● **About this task**:
With pictures left out, retype the lines from the start of the records through the one that contains "CAMPUS BACK PACK".

[Items from a dataset]
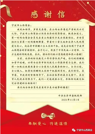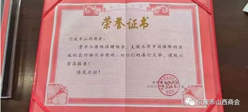 收到物资后中共永济市委统战部对在山西暴雨灾害中伸以援手的宁波市山西商会颁发了荣誉证书并转发了感谢信。
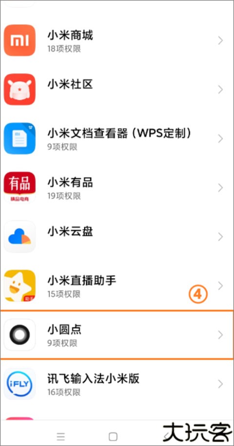 4、在应用授权管理的界面里,找到并点击小圆点。
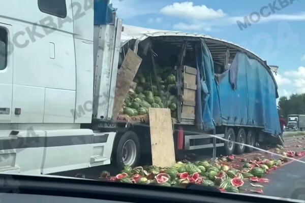 «Самая ягодная авария случилась на трассе М4. Арбузы «устроили» массовое бегство из кузова грузовика на 90 км в сторону Тамбова», — отмечается в публикации.
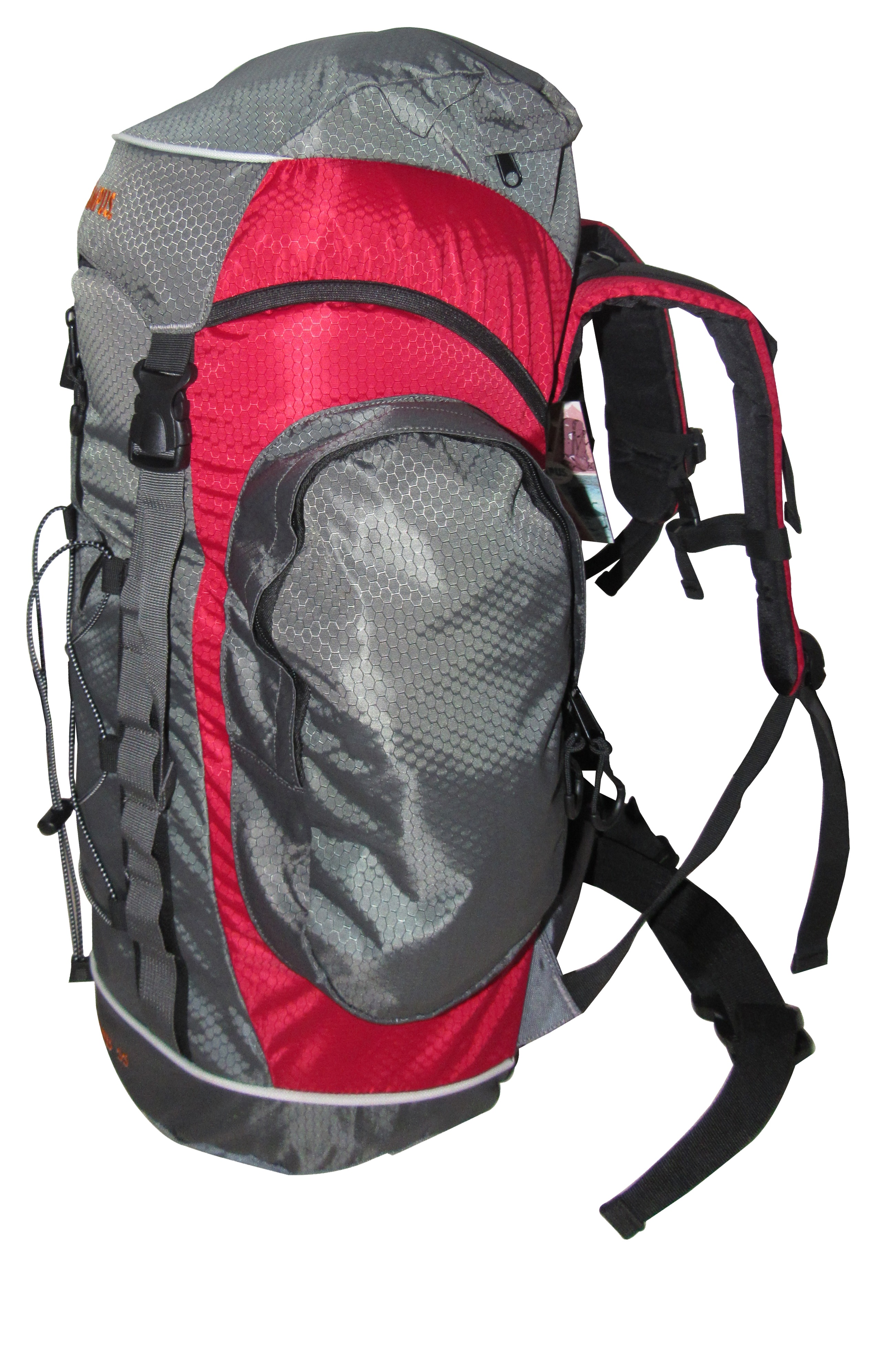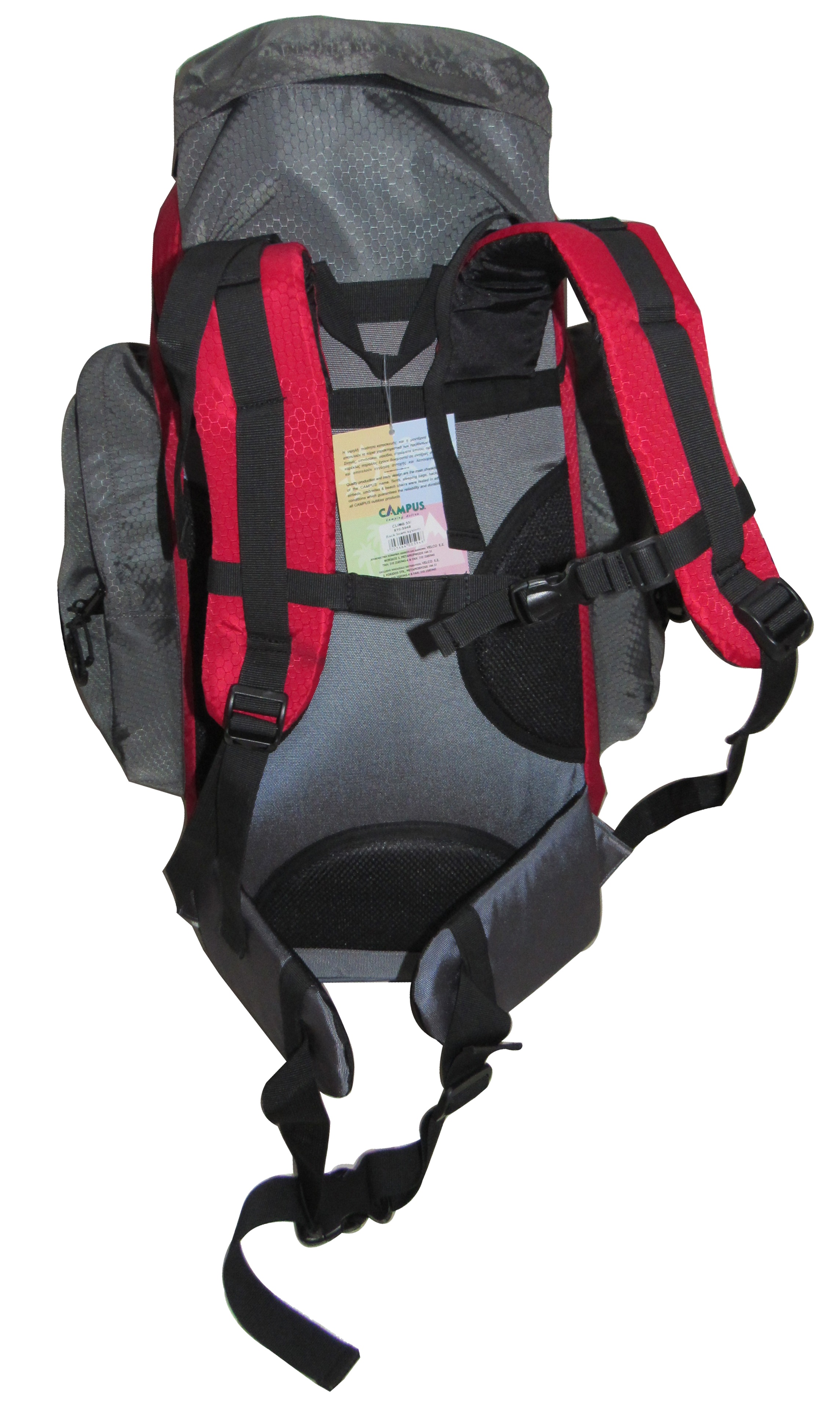 CAMPUS BACK PACK CLIMB 55 RED-GRAY- 55 Lt. -POLYESTER 600D- ADJUSTABLE STRAPS-ANATOMIC BACK-SIDE POCKETS-CENTRAL WATERPROOF ZIPPER 26cm-STRAPS FOR BATON-CLOSED PIECE DIMENSIONS: 58x39cm-WEIGHT: 1060gr-P/C:10-
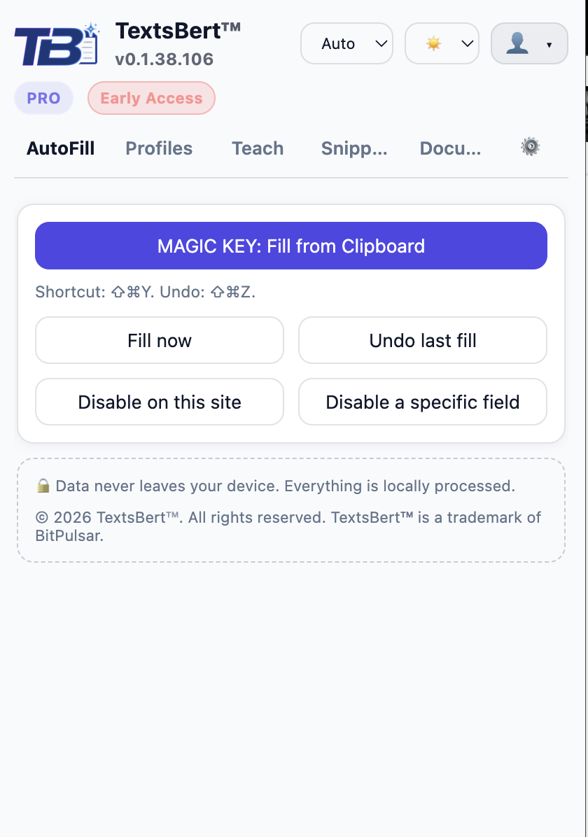 Fill any form in ~1 second. Privacy-first with 100% local processing for autofill. Teachable field mappings (BETA), profiles for repetitve Data fillings, and snippets for cliches. Optional team workspaces with end-to-end encrypted sync. Offers 14-days trial. What it does One hotkey: paste + fill across the page in seconds Safety-first logic: skips uncertain fields rather than filling wrong data Profiles & reusable data blocks to avoid repetitive typing Multi-language friendly (EN/DE/FR/ES/AR)
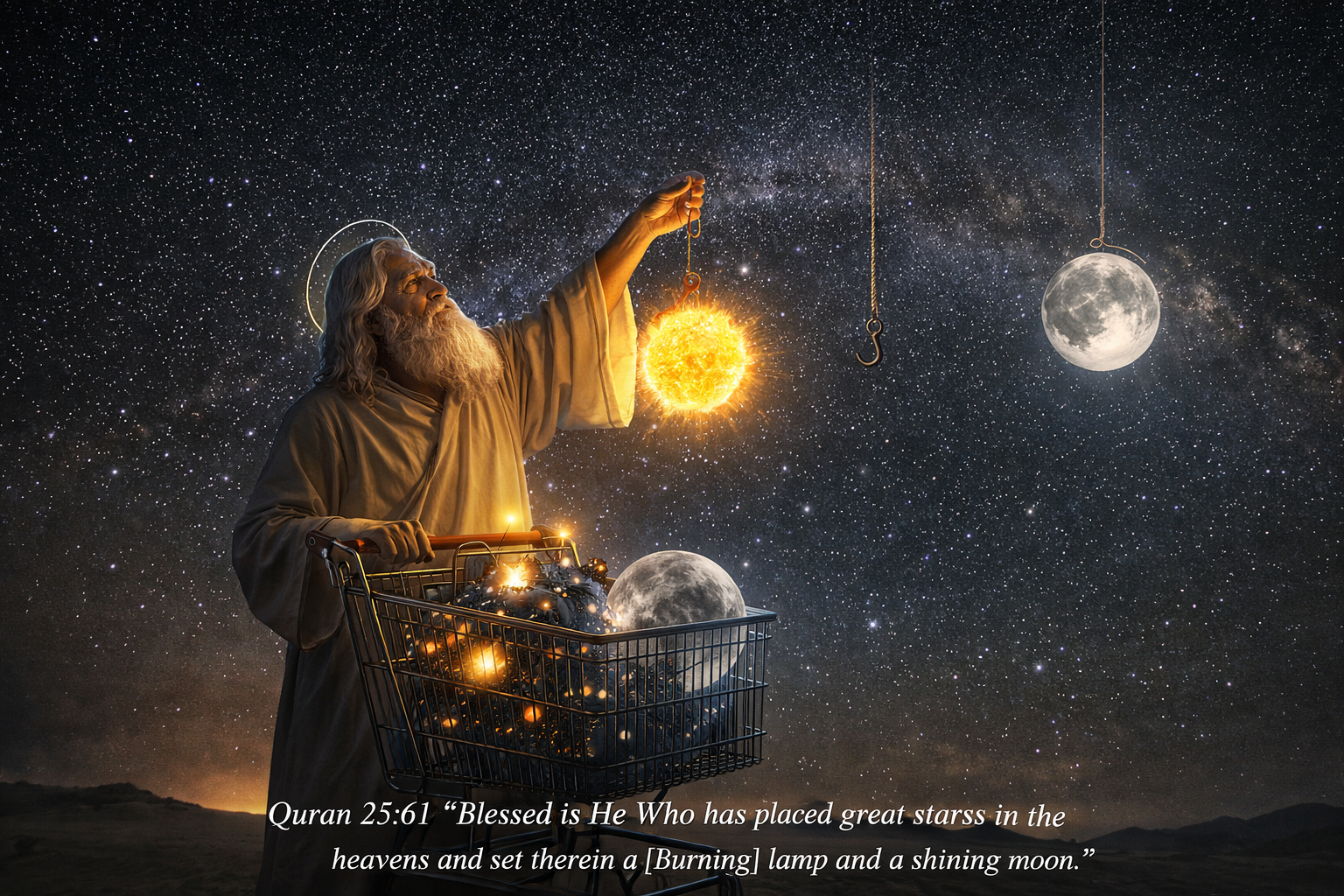 Het vers begint met “Gezegend is Hij die…”, wat impliceert dat deze hemellichamen doelbewust zijn geplaatst door een schepper. Dit is een onbewezen aanname die niet voortkomt uit empirisch bewijs maar uit geloof.
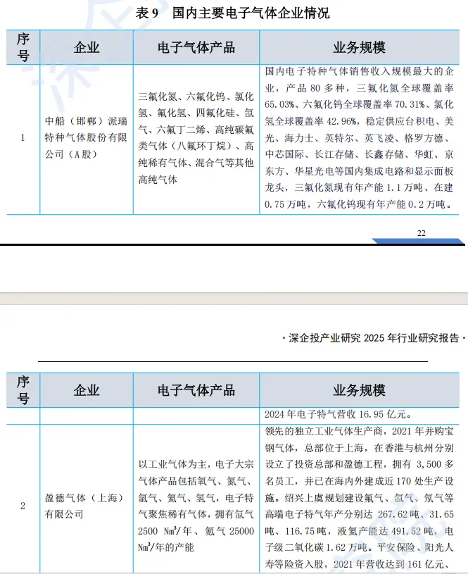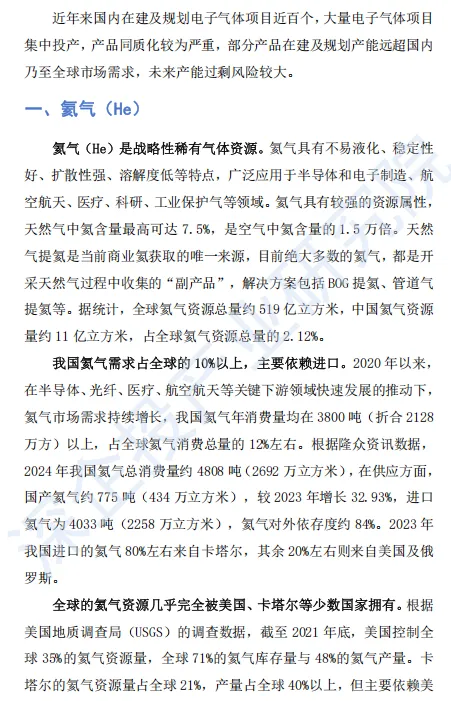 分享一份深企投发布的最新电子特气产业深度研究报告,内容包括电子气体(含大宗与特种气体)的基本介绍,行业技术难点、国内外差距与准入壁垒,全球及中国市场规模、竞争格局,最后聚焦 14 种重点产品的供需、企业布局及行业风险。报告指出,电子特气国产化空间广阔但部分产品产能过剩风险显现。
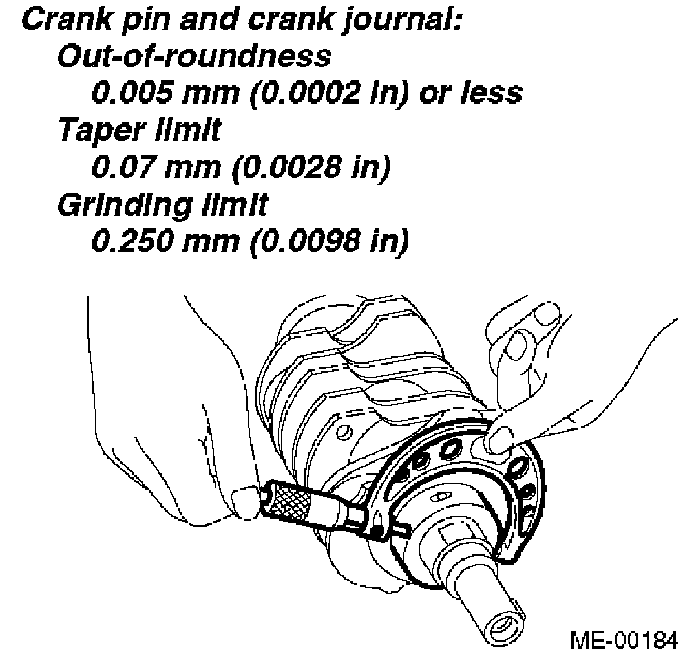 3. Inspect the crank journal and crank pin for wear. If they are not within the specifications, replace the bearing with a suitable (undersize) one, and then replace or recondition the crankshaft as necessary. When grinding the crank journal or crank pin, finish them to specified dimensions according to the undersize bearing to be used.

● **Solution to this exercise**:
 收到物资后中共永济市委统战部对在山西暴雨灾害中伸以援手的宁波市山西商会颁发了荣誉证书并转发了感谢信。
 4、在应用授权管理的界面里,找到并点击小圆点。
 «Самая ягодная авария случилась на трассе М4. Арбузы «устроили» массовое бегство из кузова грузовика на 90 км в сторону Тамбова», — отмечается в публикации.
 CAMPUS BACK PACK CLIMB 55 RED-GRAY- 55 Lt. -POLYESTER 600D- ADJUSTABLE STRAPS-ANATOMIC BACK-SIDE POCKETS-CENTRAL WATERPROOF ZIPPER 26cm-STRAPS FOR BATON-CLOSED PIECE DIMENSIONS: 58x39cm-WEIGHT: 1060gr-P/C:10-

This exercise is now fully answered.